一般的なデータ分析の内容も書きますが、眼科にこだわって書いていきます。

こんにちは!
メチャメチャお久しぶりです。
最近はPythonで深層学習のお勉強と状態空間時系列モデルのお勉強を頑張っています。
本ブログの趣旨と若干異なる内容に集中しているので、ブログの更新をおサボりしています。
製薬業界では費用の透明化が躍起になって進めれられています。
透明化が進むとこのような分析もできるんだ!と感心した論文を紹介いたします。
本日紹介する論文は
「Pharmaceutical Industry-Sponsored Meals and Physician Prescribing Patterns
 for Medicare Beneficiaries.」:JAMA Intern Med. 2016;176:1114-10.
です。
簡単にいうとこの論文は、
透明化のため製薬会社が公開した費用(弁当代等)から提供された医師を特定し、
処方医が弁当をもらったらその弁当提供会社のお薬の処方が増えるかどうかを
分析した研究です。
研究の対象としたのは4つの薬剤群で1:スタチン製剤群、2:心選択性β-遮断薬、
3:アンジオテンシン変換酵素阻害薬とアンギオテンシン受容体遮断薬(ACE阻害薬とARBs)と
4:選択的なセロトニンとセロトニン-ノルエピネフリン再摂取抑制薬(SSRIとSNRIs)です。
これら4剤を有する製薬会社の弁当を食べた医師を明らかにし、その処方動向を調べました。
主たる評価項目は、弁当を提供した会社の薬剤と同クラスの代替薬との処方率の差です。
結果的は、他のスタチンの「ロスバスタチン」では(オッズ比:1.18; 95%CI、1.17-1.18)、
他のβ-遮断薬の「ネビボロール」では(オッズ比:1.70; 95%CI、1.69-1.72)、
他のACE阻害薬の「オルメサルタン」では(オッズ比:1.52; 95%CI、1.51-1.53)

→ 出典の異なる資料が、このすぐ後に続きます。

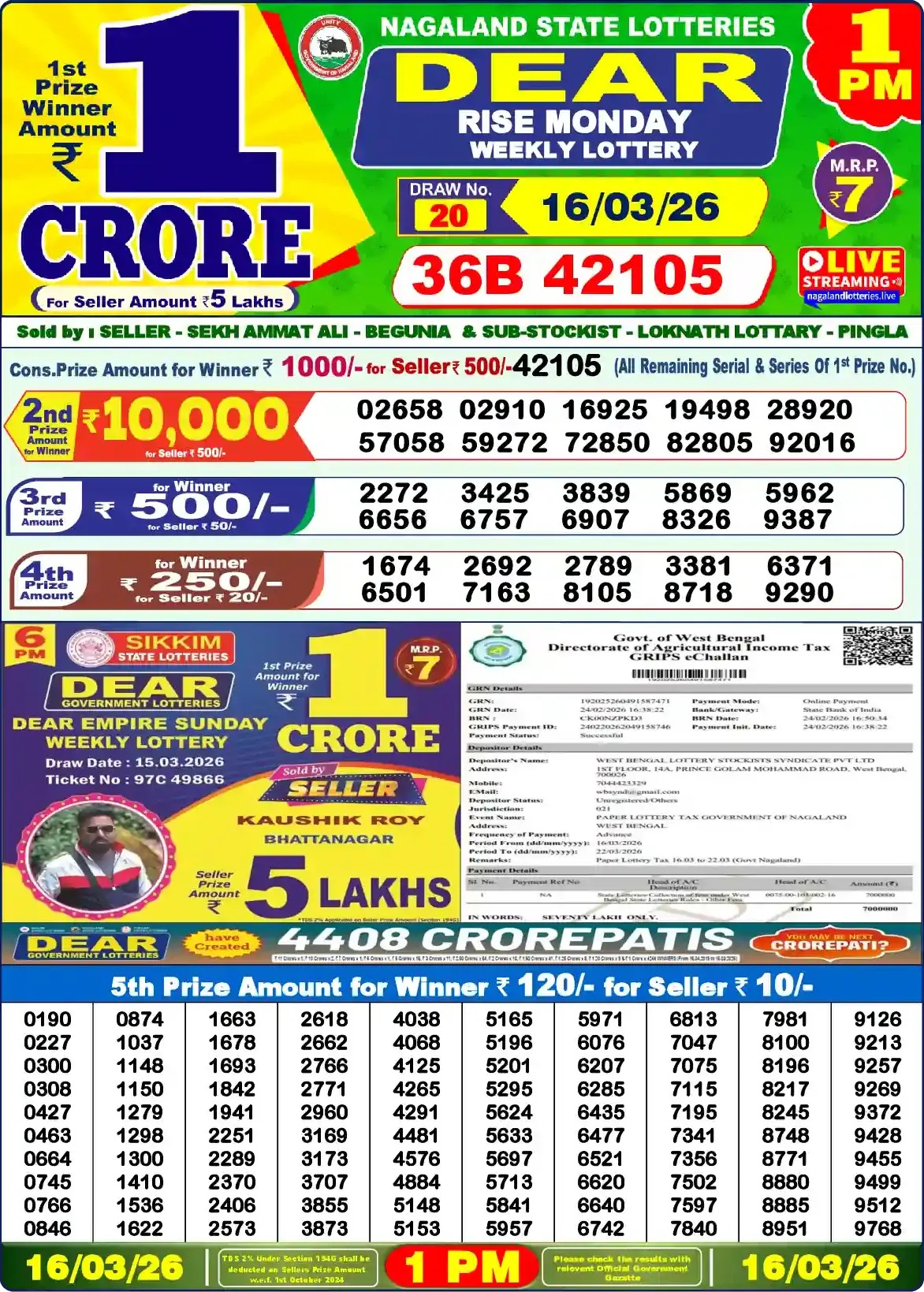 Winning series and full ticket numbers for 1 PM, 6 PM, and 8 PM (IST) draws, with PDF and date-wise archive. Last updated: March 16, 2026, 8:09 PM. If the sheet is slightly delayed, please check again.

他のSSRIとSNRIsでは「デスベンラファキシン」(オッズ比:2.18; 95%CI、2.13-2.23)
となりオッズ比がいずれも1を超えています。
つまり、弁当の提供と処方には正の相関があったとのこです。
論文には、この関係は相関であって因果関係ではないとリミテーションがついています。
ただ個人的にはやはり弁当強し!!ということですね。